# <p style="text-align: center;">MIS 285N: Big Data and Distributed Programming</p>
# <p style="text-align: center;">Project - 1 : Apache Spark</p>
## <p style="text-align: center;">Instructor: Dr. Ramesh Yerraballi</p>
## <p style="text-align: center;">Due: Tuesday, September 14th submitted via Canvas by 11:59 pm</p>

Your work should be written in a **Jupyter notebook**.   

Also, please make sure your code runs in your notebook before submitting.

**Note:**

This project is based on Map-Reduce Framework. In these you will get to work with Spark and will get to know how 
does spark work, what functionalities does spark provide, what does map-reduce framework do and why is it useful. 

In this project you will be implementing a basic song recommender system. You will be given a dataset where there are multiple csv files. These csv files have data corresponding to song play count and song information.

The data you would be using will be provided in a zip file along with this notebook. The __msd.zip__ archive contains:
1. **'kaggle_visible_evaluation_triplets.txt'**. We will be using the visible part of the testing data to understand the working on Apache Spark.  The user's listening history is provided as: (user, song, play count).  
2. In **'kaggle_songs.txt'** file, each song is marked using an index for easier representation of songs.  
3. And **'kaggle_users.txt'** file is the canonical list of user identifiers.
4. Take **'MSDChallengeGettingstarted.pdf'** as your reference.
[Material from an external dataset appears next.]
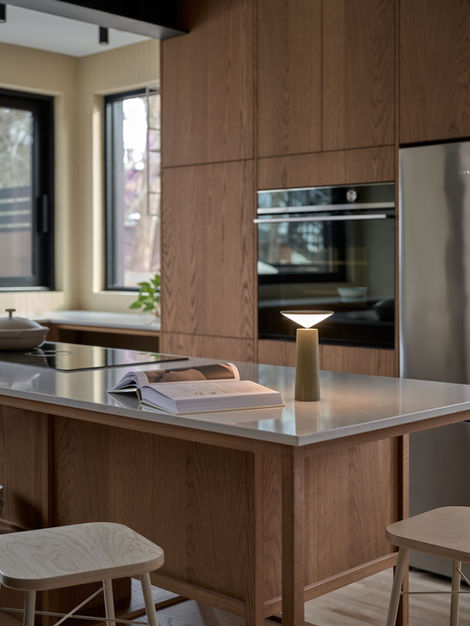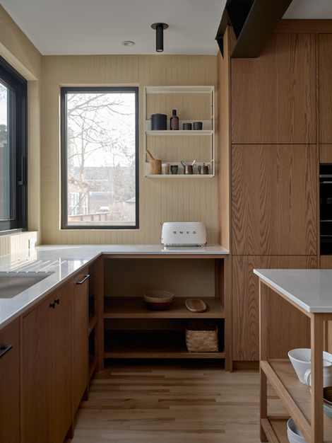 Un projet d’agrandissement sur lequel nous avons beaucoup travaillé afin d’optimiser chaque petit détail. Le résultat? Un espace lumineux, chaleureux et totalement réinventé où chaque élément trouve parfaitement sa place. La teinte du bois, la cuisine sur pattes, les murs de céramique, les poutres exposées, les grandes fenêtres, tout a été longuement réfléchi.

### **What to turn in?**  

A zip folder which will have:
1. Jupyter Notebook
2. A brief report in PDF format on what features you used for recommendation. And a brief explanation of flow of your code. For example,  what RDD does what or, why it was created.
3. datasets folder with the csv files you are using in your notebook.
4. Notebook should use relative path to the csv files in datasets folder.
5. Name of the zip folder - `<your_name>_<your_partner_name>.zip`

This project consists of 4 questions:  

1. Create an RDD with _kaggle_visible_evaluation_triplets.txt_ and replace the song name with the song index from _kaggle_songs.txt_. Identify the number of songs that do not have any rating. 
2. Generate song ratings based on the song play count as a normalized score between 0 and 1. 
3. Identify the popular song based on this rating and recommend songs to user, given user id based on the algorithm used in Movie recommender system from class. 
4. Using Cosine similarity function, identify pair-wise similarity between each pair of users and generate the top 5 most similar users without an overlap in users. 
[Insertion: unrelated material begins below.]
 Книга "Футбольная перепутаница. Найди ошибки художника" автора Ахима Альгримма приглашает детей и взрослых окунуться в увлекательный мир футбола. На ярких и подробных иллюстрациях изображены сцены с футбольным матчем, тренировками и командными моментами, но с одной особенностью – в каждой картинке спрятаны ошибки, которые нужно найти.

The above list is the higer level idea about the questions. 

In [1]:
### Starter code ####
import findspark
findspark.init('/opt/homebrew/Cellar/apache-spark/3.1.2/libexec')
from pyspark import SparkConf, SparkContext
conf = SparkConf().setMaster("local[*]").setAppName("Songs")
sc = SparkContext(conf = conf)
#### These lines are to tell jupyter where to find Apache Spark ####

21/11/27 14:05:26 WARN NativeCodeLoader: Unable to load native-hadoop library for your platform... using builtin-java classes where applicable
Using Spark's default log4j profile: org/apache/spark/log4j-defaults.properties
Setting default log level to "WARN".
To adjust logging level use sc.setLogLevel(newLevel). For SparkR, use setLogLevel(newLevel).


In [2]:
#sc.stop()

In [3]:
## Read triplet file into RDD
triplet_rdd = sc.textFile(r"msd/kaggle_visible_evaluation_triplets.txt") \
    .map(lambda line: line.split("\t")) 
triplet_rdd.take(5)

## Step 1: 
Replace song name with song index and identify the number of songs without user history

In [6]:
songs_index_rdd = sc.textFile(r"msd/kaggle_songs.txt").map(lambda line: line.split(" "))
songs_index_dict = songs_index_rdd.collectAsMap()
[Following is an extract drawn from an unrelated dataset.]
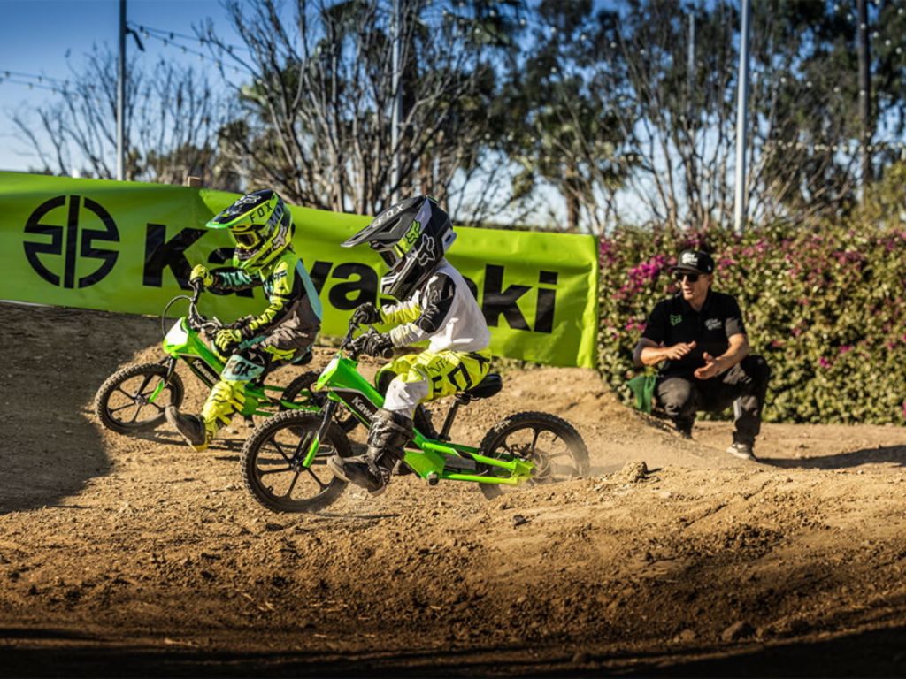 From the brand behind the KX™ motocross powerhouse comes the all-new Elektrode™ electric balance bike. Little rippers can now start their journey on two wheels as early as three years old. Meaning, the path to the podium now starts earlier than ever. It's an official welcome to world-class, high-performance, iconic Kawasaki vehicles when young riders get started on the Elektrode.

# Replace song name with song index
triplet_rdd_index = triplet_rdd.map(lambda x: [x[0],songs_index_dict[x[1]], x[2]])

In [4]:
# identify the number of songs without user history
# compare all the songs from kaggle_songs.txt with distinct songs fromtriplets file and 
# get number of songs with no play count data

# check if any user history contains empty or null values
count_invalid_user_history = triplet_rdd_index.filter(lambda x: x[2] == ' ' or x[2] == 0 or not x[2]).count()

distinct_songs_with_history = triplet_rdd_index.map(lambda x: x[1]).distinct()
print("Number of songs without user history are: " + str(count_invalid_user_history +
                                                         songs_index_rdd.count() - 
                                                         distinct_songs_with_history.count()))

Number of songs without user history are: 223007


## Step 2:
Generate song ratings based on the play_count. For example, if (song_1, 5; song_2, 10; song_3, 5) i.e., song_1 is played 5 times, song_2 is played 10 times and song_3 is played 5 times, the normalized rating score should be 0.25, 0.5 and 0.25 respectively. 
Similarly, generate the rating for all the songs. You may notice that based on all songs, the rating is almost always very low. So, think of the best way to convert song count to ratings. (Hint: Try generating ratings based on each user's song play history)

In [5]:
song_ratings_rdd = triplet_rdd_index.map(lambda x: (x[1], x[2]))
song_ratings_rdd = song_ratings_rdd.reduceByKey(lambda x,y: int(x)+int(y))
total_frequency_of_songs = song_ratings_rdd.map(lambda x: x[1]).reduce(lambda x,y: int(x)+int(y))
song_ratings_rdd_q2 = song_ratings_rdd.map(lambda x: (x[0], (int(x[1])/int(total_frequency_of_songs))))
song_ratings_rdd_q2.take(5)

[('185057', 2.097596630005579e-05),
 ('272059', 2.1624707525830714e-07),
 ('219307', 1.7299766020664571e-06),
 ('275648', 1.9894730923764256e-05),
 ('231909', 3.4599532041329143e-06)]

In [None]:
# OBSERVATION
# Here, above we can see that the ratings are very small. 
# Instead of dividing by total number of song plays for any user and any song,
# we will divide by the total number of song plays of users that have played that song atleast once

In [6]:
# Create new RDD with user id as key and song index and history as values
user_songs_history_rdd = triplet_rdd_index.map(lambda x : (x[0], (x[1], (int(x[2])))))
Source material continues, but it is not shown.